### Information shown

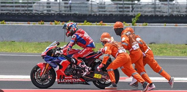 Pit marshal bertugas saat terjadi insiden di tengah balapan.
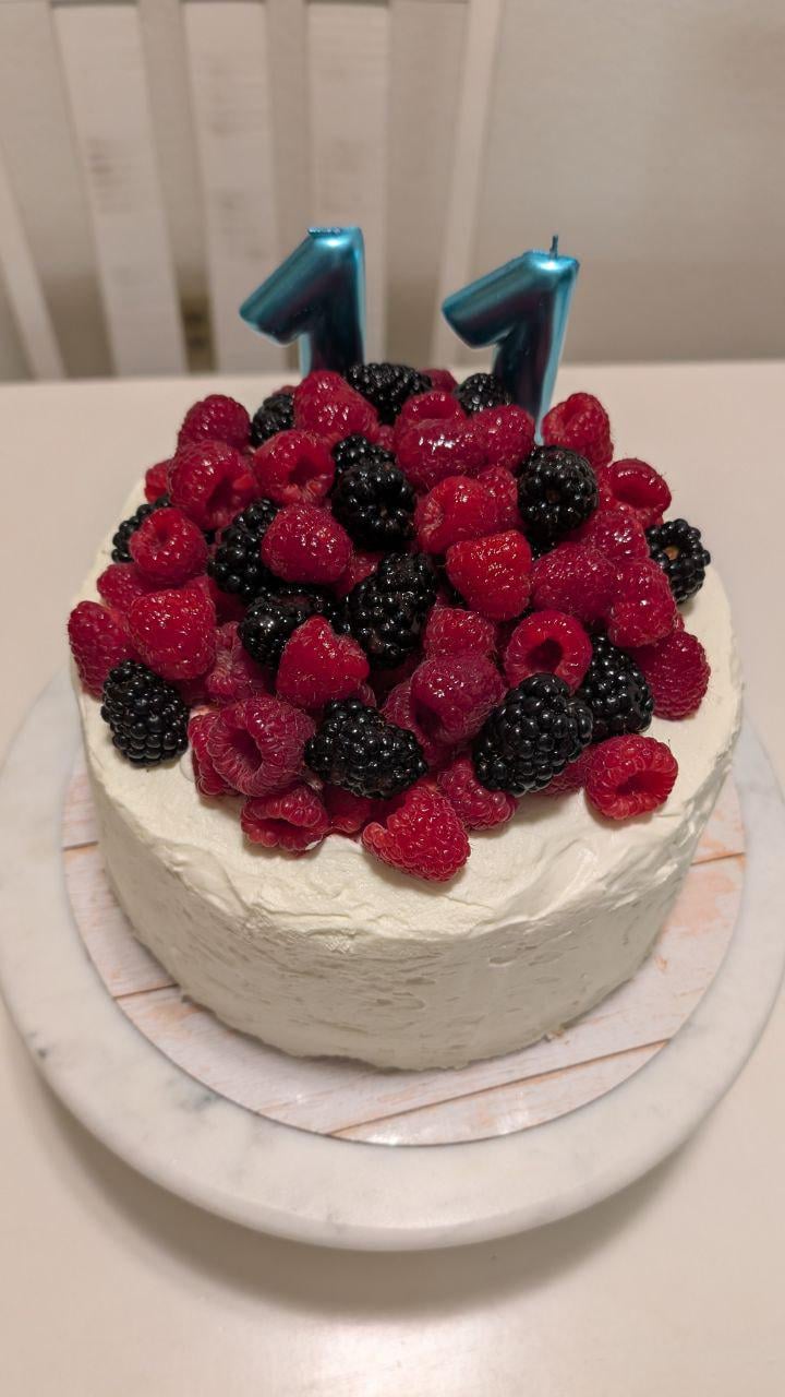 For my stepdaughter's 11th birthday, I made a vanilla Castella cake, filled with fresh raspberries and blackberries that I coated with raspberry syrup and layered with more whipped cream. I piled so many berries on top that there was almost no room for the candles lol.
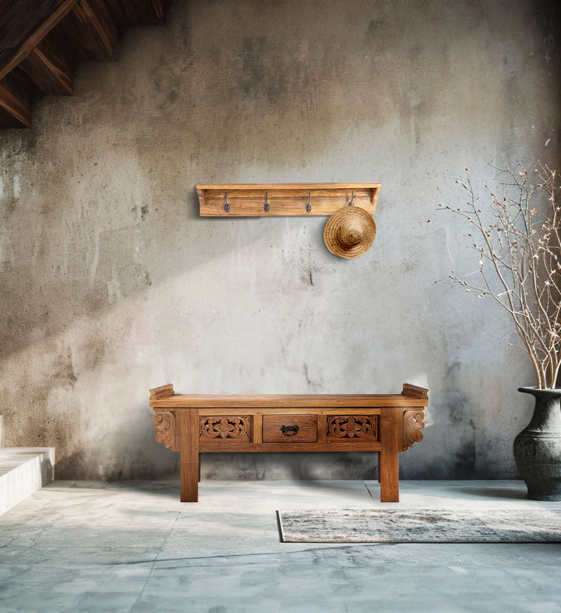 Acrescente personalidade à sua casa com Cabide rústico de teca reciclada 90 x 12 x 17. Este será certamente um mobiliário para a vida toda.

######

Instructions to follow
The result should be a transcript of the lines from the line containing "For my stepdaughter's" through the end of the listing above, exact, inclusive, and without pictures.

Task output
 For my stepdaughter's 11th birthday, I made a vanilla Castella cake, filled with fresh raspberries and blackberries that I coated with raspberry syrup and layered with more whipped cream. I piled so many berries on top that there was almost no room for the candles lol.
 Acrescente personalidade à sua casa com Cabide rústico de teca reciclada 90 x 12 x 17. Este será certamente um mobiliário para a vida toda.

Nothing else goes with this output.